Would you return the lines that run from the start of the data below to the line with "Fig. 1 – Scritture", both included, exactly as written and without pictures?

── EXERCISE DATA

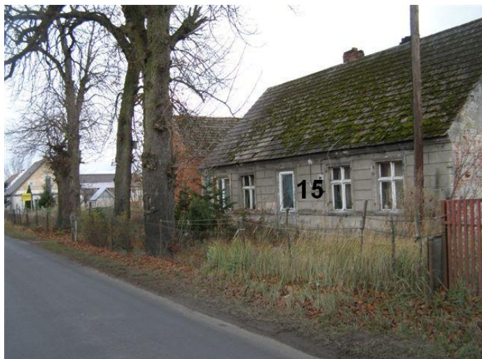
48. Działki nr 76/1 – 71/2, ul. Szkolna posesja 1 - cokół betonowy, słupki betonowe, siatka ogrodzeniowa
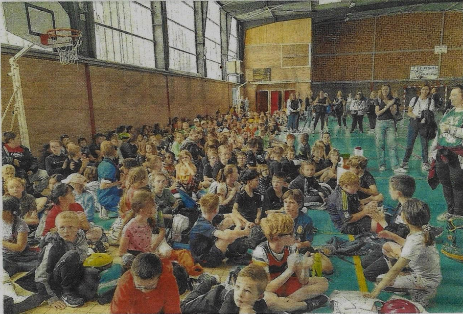
Les élèves des cours moyens attendaient les résultats du palmarès avec impatience.

Les Scolympiades ont rassemblé les élèves de Campagne-les-Wardrecques et Arques dans des challenges sportifs. Un projet ambitieux qui a fait l'unanimité.
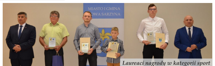
Laureaci nagrody w kategorii sport
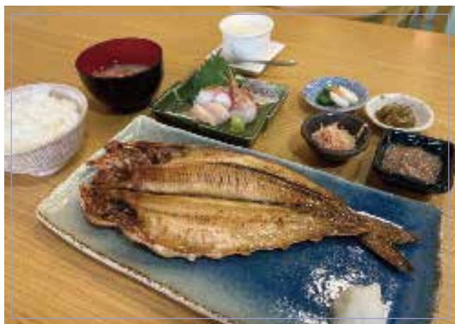
烤阿特卡鯖魚 什錦刺身（魷魚、扇貝、和蝦） 4種 米飯・蟹肉味噌湯 冰淇淋
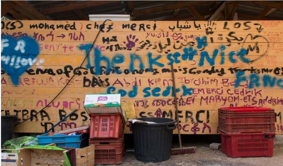
Fig. 1 – Scritture subalterne: in un accampamento di richiedenti asilo e transitanti in Val Roya, luglio 2017.

Frammenti e citazioni divengono, seguendo l'intuizione di Back e Puar (2013), epitaffi nel quadro di una dead sociology : una sociologia ridotta a lingua morta, incapace di scorrere nelle vene della società come strumento critico di riflessività, dedita invece a produrre concetti zombie e fatti fossili . La proposta degli autori è quella dei live methods , affinché la disciplina riconquisti una vita nel presente, utilizzando tutte le opportunità metodologiche della cultura digitale e aprendosi alla collaborazione con artisti, designers, musicisti, registi e curatori nell'immaginazione di nuovi stili ibridi di rappresentazione del sociale; ecco allora dispiegarsi la possibilità di una sociologia curatoriale , di una art based sociology , di una sociologia anfibia , e anche di una sociologia visuale e filmica.

────

[RESULT OF THE EXERCISE]
48. Działki nr 76/1 – 71/2, ul. Szkolna posesja 1 - cokół betonowy, słupki betonowe, siatka ogrodzeniowa
Les élèves des cours moyens attendaient les résultats du palmarès avec impatience.

Les Scolympiades ont rassemblé les élèves de Campagne-les-Wardrecques et Arques dans des challenges sportifs. Un projet ambitieux qui a fait l'unanimité.
Laureaci nagrody w kategorii sport
烤阿特卡鯖魚 什錦刺身（魷魚、扇貝、和蝦） 4種 米飯・蟹肉味噌湯 冰淇淋
Fig. 1 – Scritture subalterne: in un accampamento di richiedenti asilo e transitanti in Val Roya, luglio 2017.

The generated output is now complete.